Reverse Mortgage Scams
Homeowners should be aware of vendors and contractors who persuade senior citizens to take out a reverse mortgage loan to receive payments which might not be in their best interest. In addition, be cautious about whom you give power of attorney for the reverse mortgage, as the power can be misused.
Scammers may target seniors by convincing them to take out reverse mortgage loans designed for people with ownership of their houses. Therefore, you should be aware and extremely cautious of anyone who contacts you about obtaining a reverse mortgage or putting pressure on you to complete the transaction without due diligence.
How Can You Avoid Reverse Mortgage Scams?

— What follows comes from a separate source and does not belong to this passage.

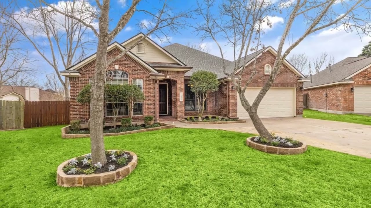 Stunning 3/2 home in Oak Ridge on an oversized cul-de-sac lot within walking distance to the community park, playground, sports courts, and pool! Voluntary HOA! Bursting with curb appeal, this stunning single-story home offers professional landscaping and a lovely paved walkway that leads you welcomes you inside. The interior is well-designed for entertaining with a fabulous open floorplan and lots of natural light courtesy of the large Anderson windows that can be found throughout the home. Living and dining formals can be found off the main entry along with glass-panel french doors that lead to the casual dining area and kitchen. The gourmet kitchen is bound to impress and is appointed with modern granite countertops, two-tone cabinetry, high-end Thermidor appliances, and a spectacular brick facade that adds so much character to the space. The kitchen opens to the family room where you can gather around the cozy wood-burning fireplace. A study is located off of the living room space. The primary bedroom is separate from the secondary bedrooms with lovely views of the private backyard, a walk-in closet, and an en-suite equipped with a double vanity, a walk-in shower, and a large soaking tub where you can relax and unwind. The secondary bedrooms are well-sized and share a guest bathroom with white cabinetry, bronze hardware, and shiplap detailing. The oversized backyard provides the perfect setting for outdoor enjoyment with a wood privacy fence, mature trees that provide excellent shade, and a gorgeous cedar deck. Storage shed will convey. Located just minutes from 183, with a variety of shopping and dining right at your fingertips. The Sellers replaced the HVAC and Water Heater. Only 1 year old Roof! Zoned to exemplary Leander ISD schools. Schedule a showing today!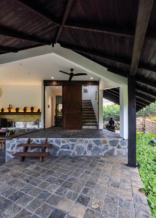 空间通过微妙的高差变化进行划分,将地形作为建筑叙事中不可或缺的组成部分加以尊重。低垂的屋檐延伸了起居空间,同时如温柔屏障般过滤着光线与雨水,黑色漆面的松木立柱与白色主体结构形成精致对比。檐下的水景装置不仅调节着局部微气候,更以自然的方式直觉化地界定了空间边界。

If you feel like any of the points mentioned below are true in your case, there is a high chance that the reverse mortgage scheme offered to you is a trap:
- The company executive uses difficult-to-understand terminology and provides inadequate explanations.
- The offered deal seems “too good to be true”.
- The lender uses high-pressure sales techniques.
- You are receiving unwanted adverts, emails and phone calls.
- You are getting phone calls with pre-recorded messages.
- The company advises you not to contact your present lender or to consult with a real estate attorney or financial counsellor.
- The company wants to charge you for accessing reverse mortgage information.
It would help if you spoke with reputable professionals, such as your financial advisor or real estate attorney while opting for any such loans. Also, speak with trusted family members and ask for their assistance in understanding more about the loan and the lender you are dealing with. Finally, before signing anything, be sure you understand everything. Seek information about anything you cannot understand, and have a trusted confidant or an attorney review the documents before you sign them.
A reverse mortgage loan is an ideal way to support yourself even after retirement and not depend on your family for basic expenses. The loan amount would be dependent on the value of the collateral property. While it is a boon for senior citizens, it is important to evaluate the pros and cons of the loan carefully.
With reverse mortgages offering the advantages of no immediate liability and the spouse receiving payments even after one partner passes away, there is also the disadvantage of having to pay when you vacate your property. Hence, ensure that your facts and knowledge of the scheme are verified and up-to-date with the necessary information.
Before availing a reverse mortgage loan, you should also ask yourself if it has a negative impact on your children after you pass away. Also, understand how long your family plans to stay in the collateral property.
Frequently Asked Questions (FAQs)
When must a reverse mortgage be paid off?
If the homebuyer decides to sell the property, passes away, or lives somewhere else other than the mortgaged property.
What are the applicable interest rates on reverse mortgages?
The interest rates of reverse mortgages differ from lender to lender. Check with each financial institution or bank to know about the applicable interest rates.
Does the family have to leave the house if the homebuyer or holder of the scheme dies?
Upon the homeowner’s death, the family may either pay off the mortgage amount to the lender or the house will be sold by the lender to recover the amount.
How to apply for a reverse mortgage loan?
Depending on the lender, you can apply for a reverse mortgage loan online and offline.
Can I sell my home if I have a reverse mortgage?
If you decide to sell your house while you have a reverse mortgage loan, you must repay the loan amount plus interest and fees. However, if your loan is less than the amount you receive when you sell your house, you can keep the excess amount or it can be passed on to a legal hirer.